When a picture appears in the listing, leave it out and copy the rest exactly as it stands.
··· DATA BLOCK ···
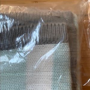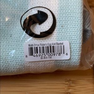 Dwell Studios cotton knit blanket in “Robin’s Egg Blue” perfect for baby! This super soft blanket has stripes in light blue, white and gray. It measures 30”X40”. Brand new with tags in original package. Ideal for a baby gift. Smoke free Pet free home.
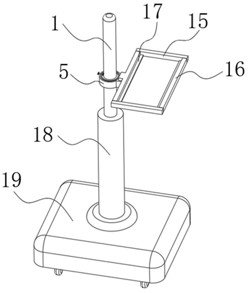 技术功效: [0012]1、本实用新型提供一种便于固定安装的护理用托盘架,通过设置有弹性套环,弹性套环由内接环、压缩簧、弹性密封框、外接环、连接块、控制柄组成,使用时,通过拉动控制柄,控制柄受力拉动连接块,由于连接块安装在内接环上,内接环受力向外拉伸张开,同时挤压压缩簧和弹性密封框,弹性套环套接在安装支柱上,调整好合适角度高度后,松开控制柄,压缩簧和弹性密封框由于自身的弹性作用下,发生弹性形变,使得装置与安装支柱锁紧固定,解决了由于现有的护理用托盘架大多无法对高度和角度进行调节,导致了护理用托盘架无法适用于不同医护人员舒适角度的使用的问题。
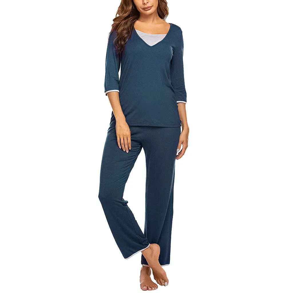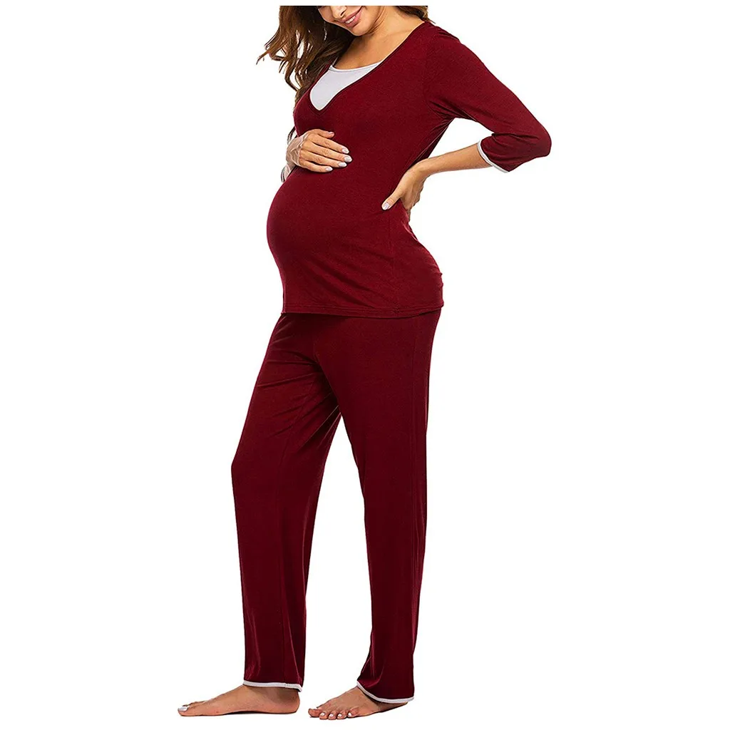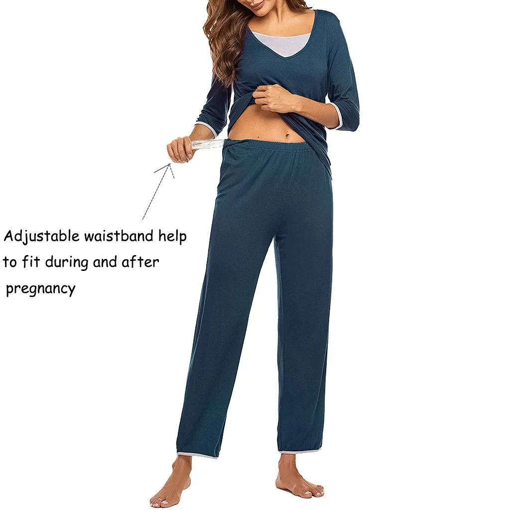 Женская футболка с длинными рукавами для беременных и малышей, топ + штаны, пижамный комплект, костюм 3/4
···
### [RESULT OF THIS EXERCISE]
 Dwell Studios cotton knit blanket in “Robin’s Egg Blue” perfect for baby! This super soft blanket has stripes in light blue, white and gray. It measures 30”X40”. Brand new with tags in original package. Ideal for a baby gift. Smoke free Pet free home.
 技术功效: [0012]1、本实用新型提供一种便于固定安装的护理用托盘架,通过设置有弹性套环,弹性套环由内接环、压缩簧、弹性密封框、外接环、连接块、控制柄组成,使用时,通过拉动控制柄,控制柄受力拉动连接块,由于连接块安装在内接环上,内接环受力向外拉伸张开,同时挤压压缩簧和弹性密封框,弹性套环套接在安装支柱上,调整好合适角度高度后,松开控制柄,压缩簧和弹性密封框由于自身的弹性作用下,发生弹性形变,使得装置与安装支柱锁紧固定,解决了由于现有的护理用托盘架大多无法对高度和角度进行调节,导致了护理用托盘架无法适用于不同医护人员舒适角度的使用的问题。
 Женская футболка с длинными рукавами для беременных и малышей, топ + штаны, пижамный комплект, костюм 3/4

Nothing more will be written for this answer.